In the end, it was Stella who had tipped the scales.
“Let's go,” she had said in the kitchen of the Oldstock cafeteria, wiping her hands on a dish towel and resting them on her prominent stomach. “I've always wanted to see where Dad worked.”
The line of cars and vans crested a rise and descended on the rough road to the dry meander of the ancient river bed. A few of the cars, with lower suspensions, were being left behind.
“There it is,” Mitch said. “They've taken off the camouflage.” The girls turned their heads to follow his finger. The site had expanded enormously. There were over thirty tents and shelters now on both sides of the old brush-strewn river bed.
Secret Service agents waited for them, checked with the drivers, then flagged them through, diverting the VIP vans to one area and the reporters to another.
The two long vans pulled into a makeshift parking lot marked by crumbling logs and shut off their engines. Senator Bloch waited for them under a white plastic awning. The sun poked through uncertain clouds and illuminated the covered H of the new main dig shelter. Again, linked Quonset huts provided cover. It lay at the end of a fenced pathway leading north.
“Is this where they died?” LaShawna asked.
Secret Service agents opened the van doors. Five photographers, led by a subdued Oliver Merton, surrounded the trucks and snapped pictures and made video. They concentrated on Stella.
Oliver smiled at Mitch and Kaye and stared at Stella with something like reverence. It was a quiet side of Oliver Kaye had never seen before.

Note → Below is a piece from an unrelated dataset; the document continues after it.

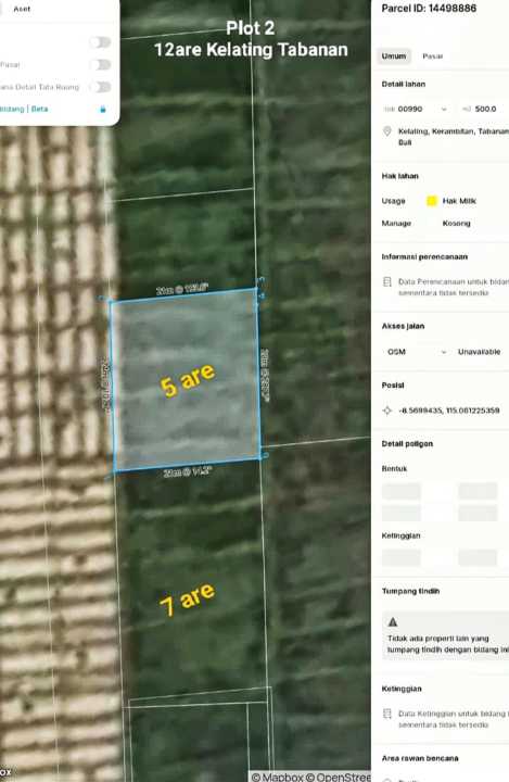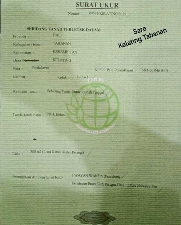 Dijual tanah eksklusif di kawasan elit Tabanan, Tabanan. Luas tanah 1200m², harga premium 3 Miliar. Cocok untuk hunian mewah atau investasi prestisius.

“Just a year ago,” a reporter was saying into her lapel mike, staring earnestly into a tiny camera mounted on a curved pole poking from her belt, “the sight of a pregnant Shevite female would have caused panic. Now—”
Kaye turned away and refused to listen.
Mitch spotted Eileen Ripper walking along the trail from the big new shelter. He would have recognized her slow, deliberate saunter even had she worn a mask. She did not like this any more than he did, but it was indeed a triumph. A federal circuit court judge had ruled just three months before, after almost twenty years of litigation, that the Five Tribes had no standing—could claim no legitimate relationship to the remains of peoples physically and temporally so far from their own. The Department of the Interior would no longer halt these digs or return any remains found to the complaining tribes.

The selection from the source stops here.